YOU JUST edited a book called Independent Politics, about the Green Party and the 2004 election. What’s the relevance of a book about a debate that took place mostly within the Green Party two years ago?
I COVER the debate in the Green Party, but also some of the other documents in the peace movement and the left generally. It’s an old debate on the American left. Since the labor movement and the Communists basically turned to the Democratic Party beginning in 1936, the idea of an independent politics or labor party, which went back to Reconstruction and the Populist Party and the Socialist Party of Debs, has been sidelined. At that time, it was an open question whether the left should go independent or inside the lesser evil. At the time, they weren’t sure which the lesser evil was–more likely the Republicans, you had progressive Republicans like Lafollette. That whole discussion was open until 1936.

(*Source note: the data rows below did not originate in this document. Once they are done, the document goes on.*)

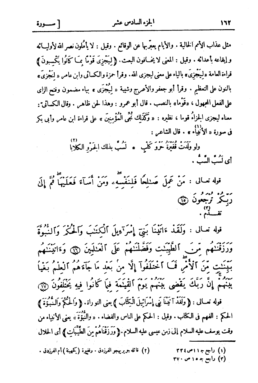 وَلَقَدْ آتَيْنا بَنِي إِسْرائِيلَ الْكِتابَ وَالْحُكْمَ وَالنُّبُوَّةَ وَرَزَقْناهُمْ مِنَ الطَّيِّباتِ وَفَضَّلْناهُمْ عَلَى الْعالَمِينَ (١٦) وَآتَيْناهُمْ بَيِّناتٍ مِنَ الْأَمْرِ فَمَا اخْتَلَفُوا إِلاَّ مِنْ بَعْدِ مَا جاءَهُمُ الْعِلْمُ بَغْياً بَيْنَهُمْ إِنَّ رَبَّكَ يَقْضِي بَيْنَهُمْ يَوْمَ الْقِيامَةِ فِيما كانُوا فِيهِ يَخْتَلِفُونَ (١٧)
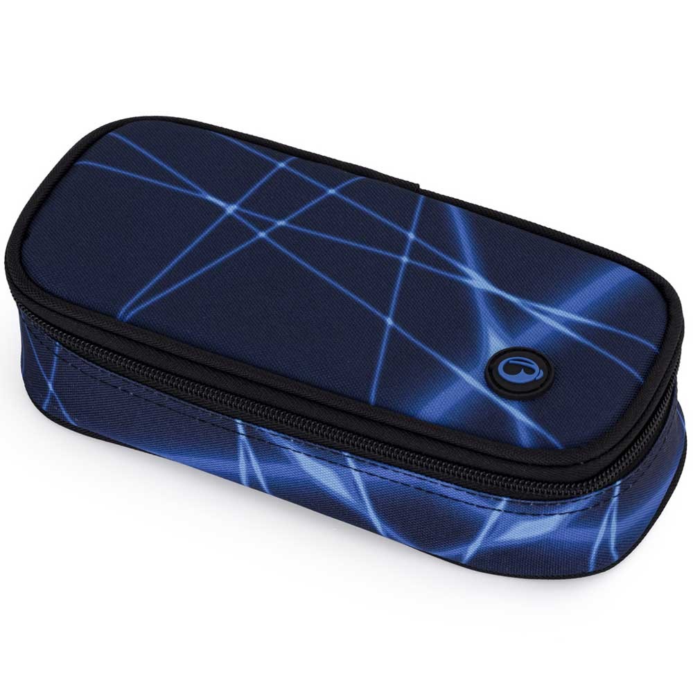 Uvnitř pouzdra je jedna vnitřní kapsička na zip a dvě menší kapsičky, pružné úchyty až na 20 tužek, propisek, fixů či pastelek. Pod klopou je volný prostor pro další psací potřeby. Pouzdro je uzavíratelné zipy s velkými taháčky pro snadnou manipulaci.
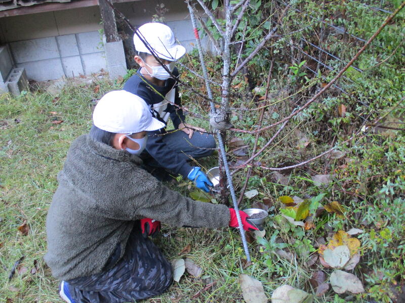 この冬から春にかけて梅の木に栄養が行き渡るように、肥料をまきました。
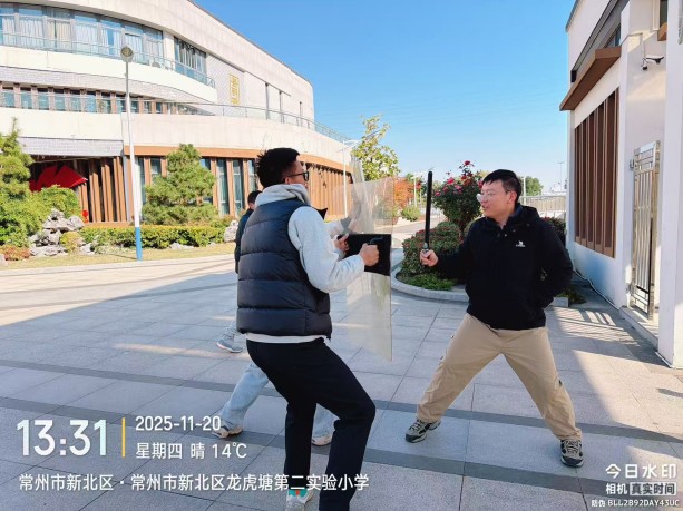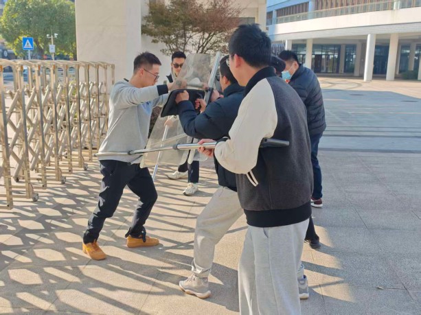 培训伊始,应急小分队成员在门卫区域围绕盾牌、钢叉、阻车器三类核心防暴装备展开实操训练。老师们认真练习持盾戒备、钢叉束缚、阻车器快速布设等关键动作,反复打磨操作细节,在规范流程的同时强化团队协作默契,为应对突发情况夯实基础。
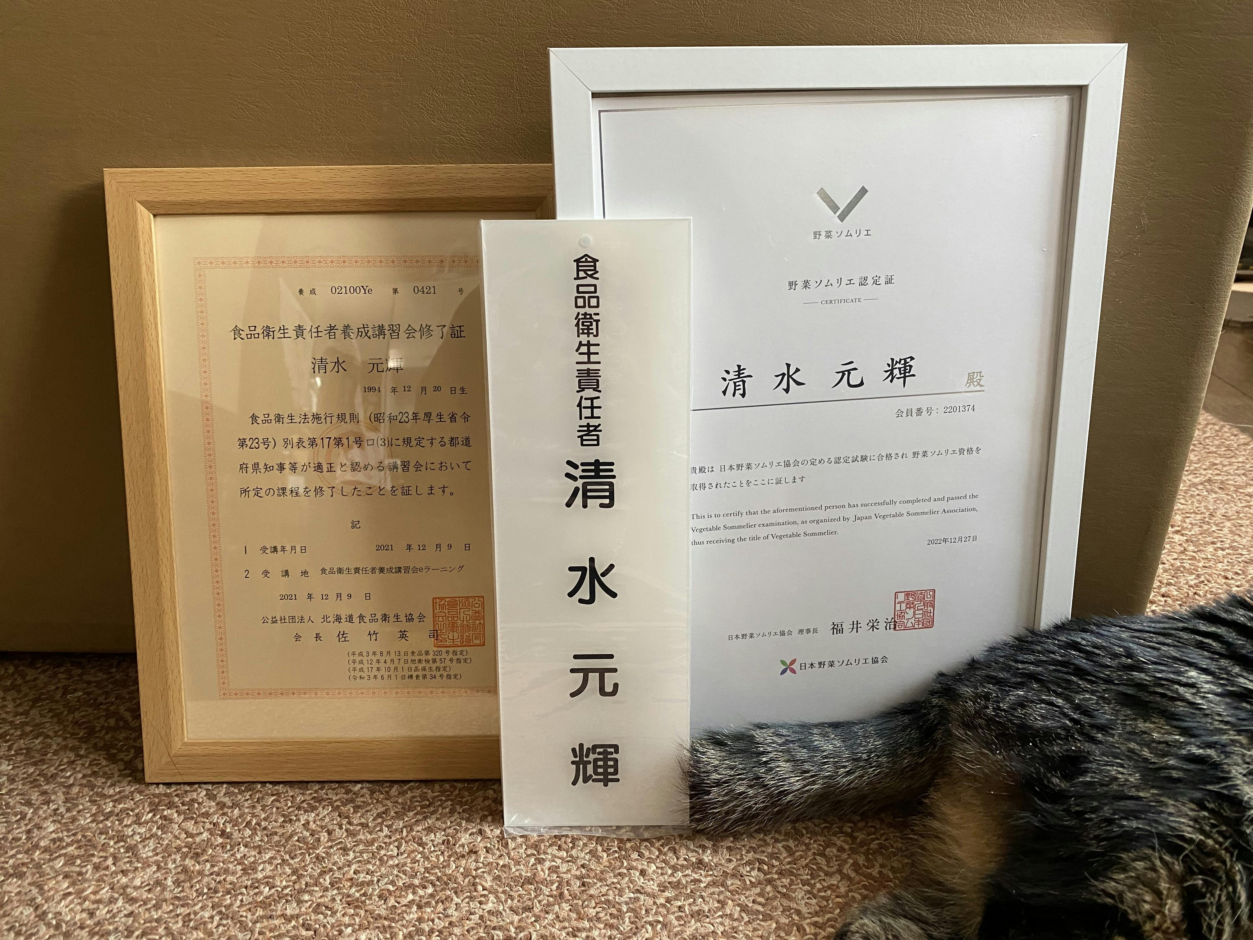 野菜のフードロス活動やイベントを通じて、お客様に野菜の事を尋ねられる事がおおくなったので、衛生面、安心面共に知識を身につけ、野菜ソムリエ資格・食品衛生責任者資格の取得!!
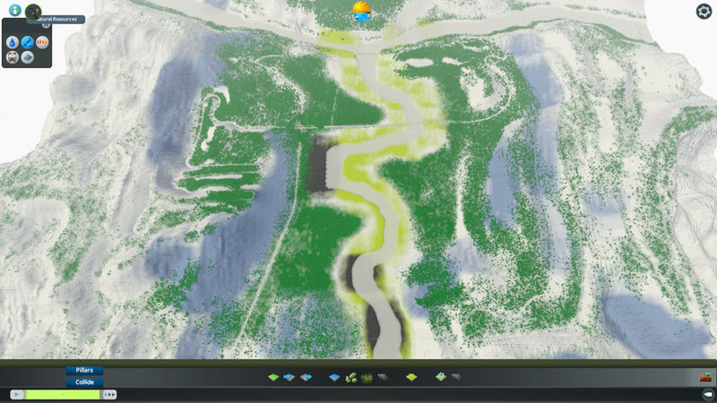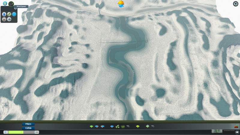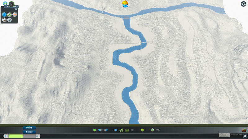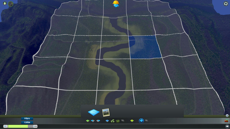 Plane paths follow the river to avoid accidental better bulldozing. Water spawn and whirlpool to suck up poo are located near the starting tile.
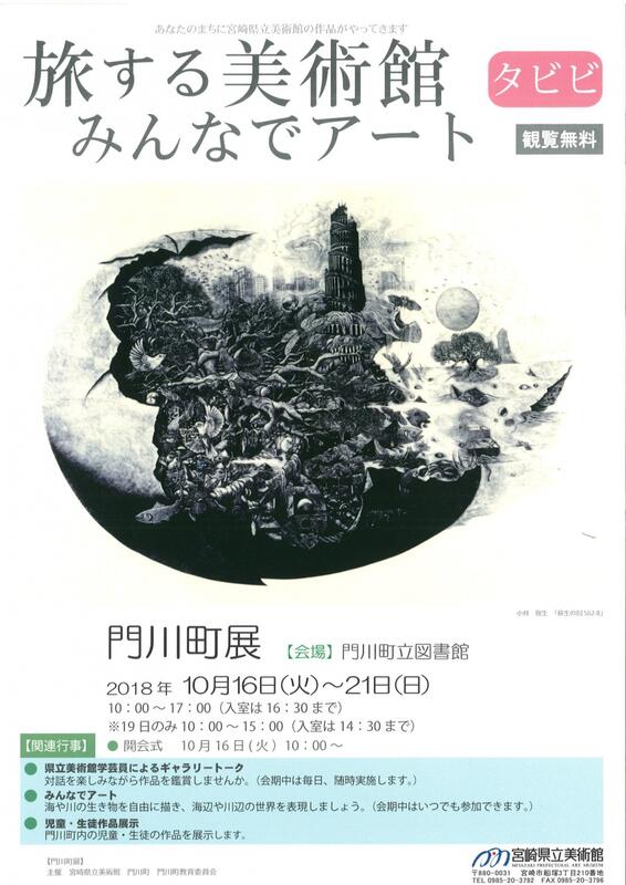 「旅する美術館 門川展」は、10月21日(日曜日)までです。間近で本物の作品を見ることができます(県立美術館の作品は20点程度展示してあります。)。門川町内の小中学生の作品も展示してあります。観覧は無料です。
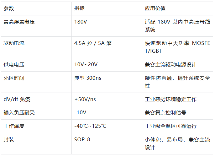 一、产品定位:180V 高压半桥驱动,国产化可靠替代
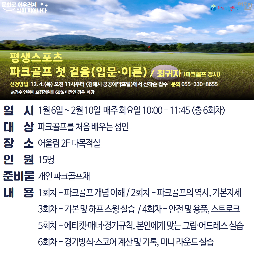 화정생활문화센터 어울림 [겨울방학_성인] 평생스포츠, 파크골프 첫 걸음
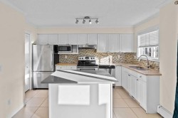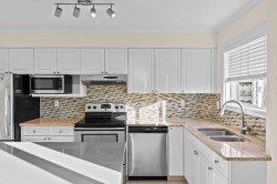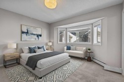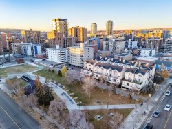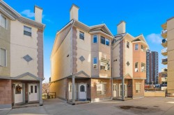 Step into spacious inner city living with this exceptional townhouse at "The Terrace," a secure, gated complex ideally situated steps from 17th ave and overlooking Thomson Family Park. As you enter, the dedicated main level entry leads you up to the well thought out central living space. The generous living room overlooks the complex's courtyard and flows seamlessly into the dining and kitchen area, which is perfectly positioned to capture views of the park. The large kitchen highlights upgraded stone countertops, stainless steel appliances, and ample cabinet space and corner pantry. Patio doors lead directly from the dining room to one of the larger private balconies in the complex offering a south facing, sun drenched space for relaxing and entertaining. The upper level boasts the always desirable double primary floor plan each featuring walk in closets and updated ensuites, perfect for roommates or families alike! Completing the upper floor is the dedicated laundry room, just down the hall. This home also highlights 2 secure parking stalls making sure that your never stuck looking for street parking! With Good Earth Cafe at your door step, green spaces off your balcony, and a dog park a block away this location is truly one of a kind and is incredibly walkable to all of the amenities of 17th ave and the downtown core. Call today for your private viewing!
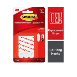 - Command Refill Strips 17021P Medium are designed for use with Command hooks, clips, and strips to hang and organize various items without the need for nails or tools.
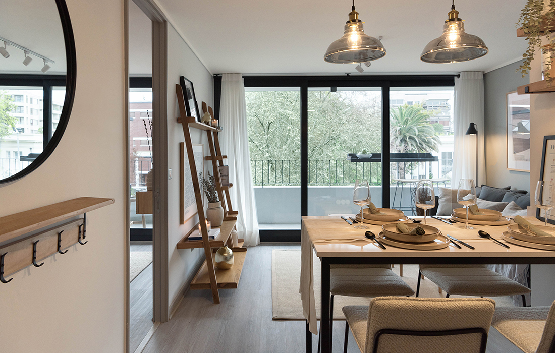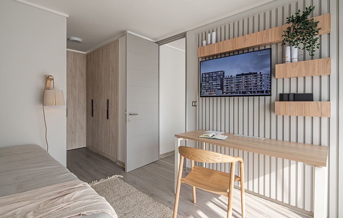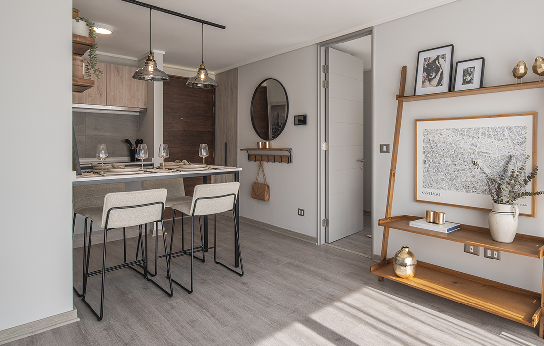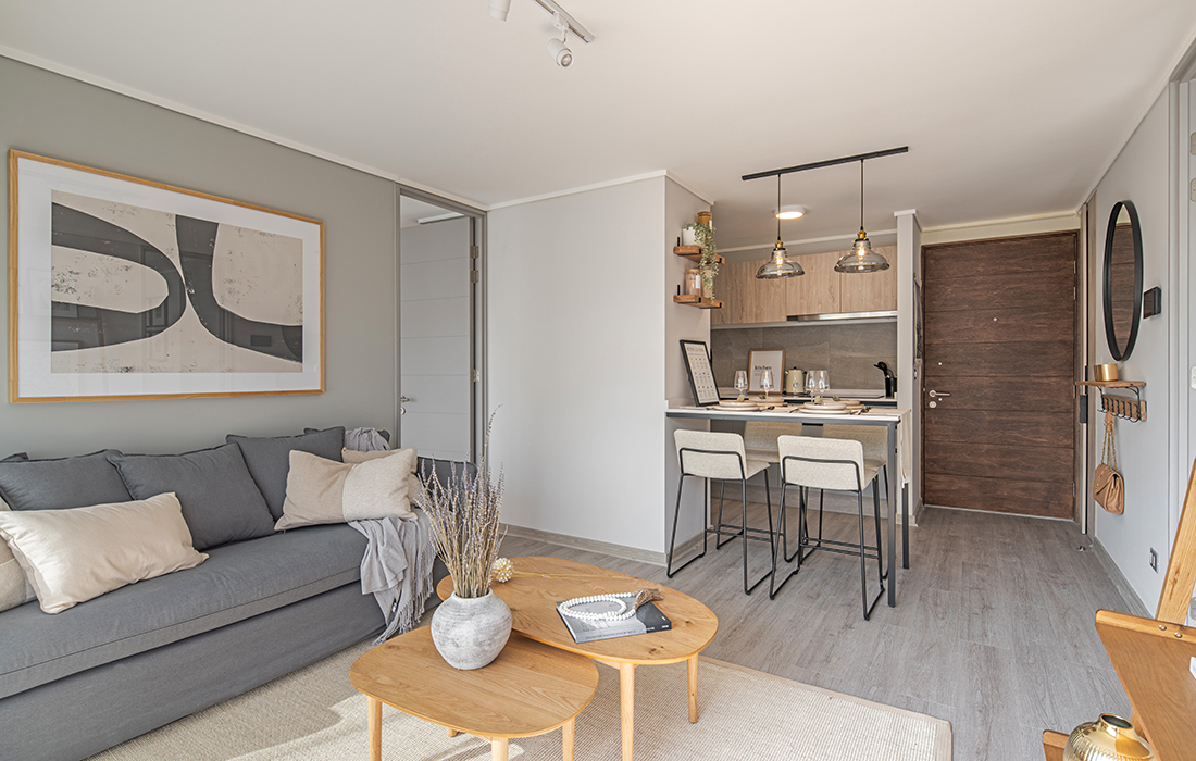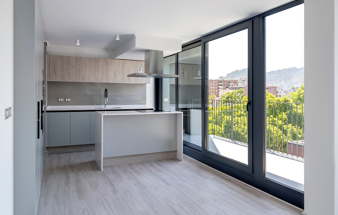 · Piso vinílico en living, dormitorios y cocinas | Porcelanato en baños y terrazas · Full Electric: cocina equipada con encimera vitrocerámica, horno eléctrico, campana, microondas, lavavajillas y termo eléctrico por departamento para ahorro en consumo · Cubierta de cuarzo en cocina para una mayor resistencia · Todos los departamentos cuentan con espacio para lavadora · Ventanas termopanel de PVC · MILLACERO es una tecnología que gestiona de manera eficiente el ahorro de gastos comunes, entregando seguridad a los residentes, con el sistema que incorpora conserje remoto junto con la gestión de encomiendas.
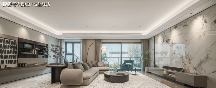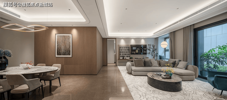 约7.7M超宽客厅及南向瞰景阳台,这个南向采光面的尺度感堪比别墅;另外,客餐厅+厨房一线相连,非常标准南北通透,整个户型的通透性以及通风度都表现的极为优秀。

Until the Green Party, we haven’t had an opening outside the Democrats since. There were early efforts like the Peace and Freedom Party in 1968, the People’s Party in the early 1970s, and then the Greens starting in 1984. I see them as an expression in the political arena of the social movements that came out of the 1960s. It’s a New Left type of formation. So I think this isn’t a debate that just happened in the Green Party in 2004–it’s a perennial debate in American politics. It’s a debate we’ll return to in 2008, and we’re hearing about in 2006. There are a lot of people on the left saying, "If we could only a elect a Democratic Congress, everything will change." Of course, not much will change. It will be a little different, but not fundamentally. The issues we’re talking about: ending the Iraq war, national health care, a serious energy policy–those issues won’t be on the agenda just because the Democrats win Congress.